7) Build Analytic Capabilities: Experiential As Part Of Your 360-Degree View of The Customer

Such a data-driven approach for experiential enables any activation—including its active and passive data capture elements, from VR to AR, beacon technology to face detection—to translate into a quantifiable and standardized metric to illustrate its impact within the larger customer journey.

Using metadata from thousands of activations for Fortune 500 companies across industries and event types, as well as industry benchmarks from Mosaic, Salesforce and HubSpot, we’ve compiled 8 steps you need measure the impact of any campaign. Note this process assumes you have a CRM system in place.

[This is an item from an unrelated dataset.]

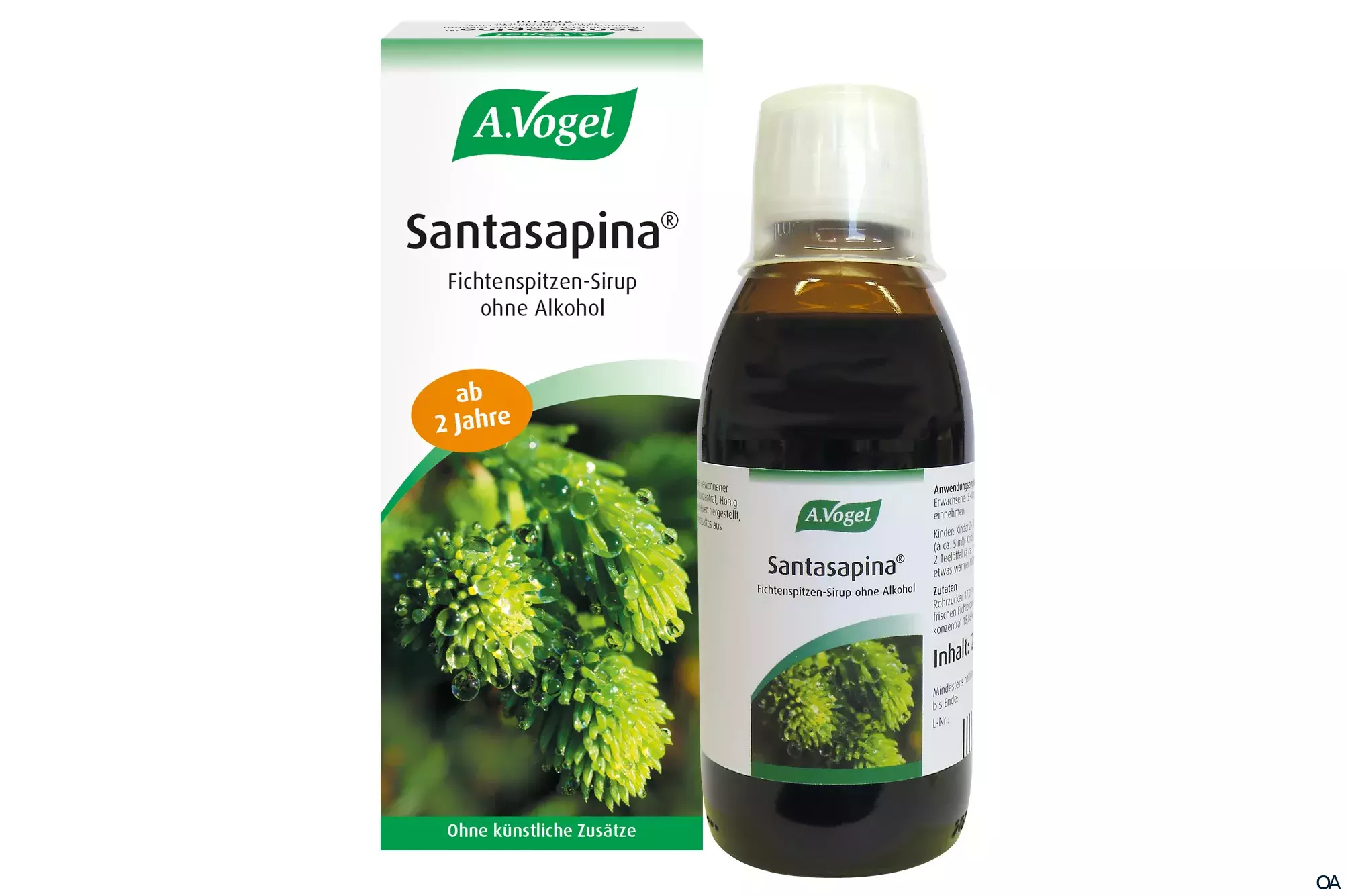 Der A.Vogel Santasapina Fichtenspitzen-Sirup ohne Alkohol wirkt wohltuend für Hals und Rachen. Geeignet für Kinder ab 2 Jahren.

  1. Identify main objective: data capture, conversion, revenue lift
  2. Define KPIs given your standardized data set
  3. Configure your CRM to accommodate metrics in standardized data set
  4. Invest in experiential technology to capture engagement at offline event
  5. Sync experiential technology with CRM system
  6. Tag sales/leads/consumers directly to their original event source
  7. Determine source of sale or engagement: test drive, auto show, contest, etc.
  8. Bonus: Find baseline ROI = sales/ cost of event

Adopting a true omnichannel approach to experiential means having a comprehensive understanding of how consumers experience, engage and view of your brand. This means keeping a flexible mindset when it comes to attribution and measurement to ensure your team is constantly testing, learning, measuring and optimizing towards the best KPIs.